La liberación en menos de 24 horas del motochorro que asaltó a las turistas griegas reflotó las críticas a la Justicia respecto a la denominada «puerta giratoria». En medio de este panorama, el oficialismo impulsa dos iniciativas para limitar las excarcelaciones y condenar a los delincuentes en tiempo récord.

Una de ellas es impulsada por el Ministerio de Seguridad y prevé la reforma en tres artículos (316, 317 y 318) del Código Procesal Penal, que determinan las condiciones para las excarcelaciones y la exenciones de prisión, facultad exclusiva que tienen los jueces.

La otra es un proyecto de ley que presentó el diputado radical Luis Petri, vicepresidente 2° de la Cámara baja, para modificar el Código Penal e incrementar las penas, elevando los mínimos a 4 años, de forma tal de impedir las excarcelaciones y principalmente la posibilidad de que los delincuentes se puedan someter a la suspensión del juicio a prueba (probation).

En febrero, la Procuración General de la Nación ordenó a los fiscales limitar los beneficios que pueden obtener quienes cometen determinada clase de delitos públicos, como los robos callejeros.
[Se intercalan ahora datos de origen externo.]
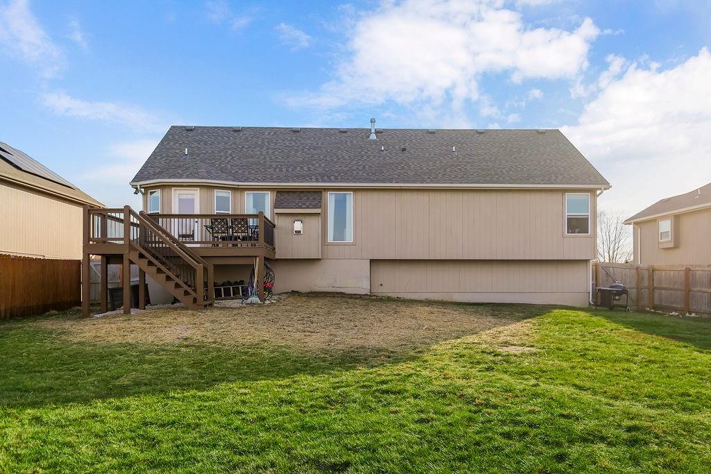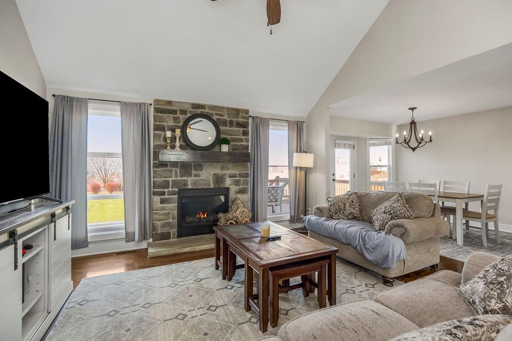 Now available in Pleasant Hill—this home has it all! Enjoy peace of mind with a brand-new roof and step inside to a stunning Great Room featuring soaring ceilings, a cozy fireplace, and beautiful walnut hardwood floors. The bright white kitchen shines with granite countertops, custom cabinetry, a NEW stainless steel refrigerator, and other newer appliances—perfect for everyday living and entertaining. The main level primary suite showcases gorgeous wood ceiling details and two closets including a walk-in, while the luxurious primary bath offers dual sinks, a whirlpool tub, and a walk-in shower. You will find two more bedrooms on the upper level with blinds and walk-in closets, and a tiled full bath with shower/tub. A rare bonus, this home features two primary suites, including a second private retreat in the lower level complete with a HUGE closet and safe room. The tiled lower-level full bath adds even more convenience. Outside, enjoy a fully fenced yard with a privacy fence, upper deck with stairs down for entertaining, plus neighborhood lake access stocked with fish—ideal for relaxing weekends and outdoor fun. Socket Fiber is new to the area. This is one you won’t want to miss!

Mediante la resolución 13/2019, el procurador Eduardo Casal instruyó a los funcionarios judiciales a su cargo que al momento de expedirse sobre «la procedencia de la suspensión del proceso a prueba, ponderen las circunstancias concretas del hecho» para actuar «en defensa de la legalidad y los intereses generales de la sociedad».

La ministra de Seguridad de la Nación, Patricia Bullrich, reconoció que se está trabajando para realizar dichas modificaciones y «tener una mirada más restrictiva respecto de las excarcelaciones». En declaraciones a radio Mitre, la funcionaria advirtió que «la Argentina tiene causales de excarcelación muy amplias. Y si bien hemos mejorado mucho porque cuando hay flagrancia el delito es juzgado, las causales de excarcelación hay que restringirlas más a los delitos de violencia que generan conmoción social».

La funcionaria recordó cuando se discutió en el Congreso de la Nación el Código Procesal Penal que empezó a regir hace poco, «el kirchnerismo tenía la mirada de excarcelar todo». «Se votó una mirada de las excarcelaciones absolutamente a favor del delincuente y no de las víctimas y la sociedad», enfatizó.

Bullrich destacó que cuando asumieron el Gobierno se hicieron pequeños cambios pero «no había votos para esto». Por eso, reiteró que «es importante insistir en que no puede haber excarcelaciones automáticas para todos los casos».

Entre los cambios que impulsan, la ministra pidió también desformalizar la justicia y puso como ejemplo el caso del matrimonio griego. «Los turistas no habían hecho la denuncia pero había delito. Además se sumó otra mujer a la que también había asaltado el mismo sujeto. Nosotros proponemos que la reiteración de delitos, aunque no haya condena, implique una conducta distinta para el juez en su valoración y no los deje libres».

«Hay herramientas para hacer una consideración menos lineal de lo que está pasando y ponerse del lado de la víctima. Es necesario generar un cambio en nuestras cabezas, en nuestra cultura, que nos lleven a poner como objetivo la defensa de la sociedad y de la víctima y no de los delincuentes», concluyó Bullrich.

El proyecto de Petri propone también incorporar al artículo 163 del Código Penal (con penas de uno a seis años) la tipificación del «motochorro» como: «Cuando el hurto se cometiere utilizando una motocicleta, automotor u otra vehículo».

Además, incluye la inhabilitación especial de hasta 10 años y en caso de ser reincidentes perpetua para conducir vehículo motorizados. Según datos oficiales revelados por el legislador, casi en un 99% de los casos se utilizan motos robadas y cuando son aprehendidos a los delincuentes se los termina juzgando por el delito de encubrimiento. Por eso, también se propone incrementar las penas en ese tipo de delitos además de desalentar que se roben motos.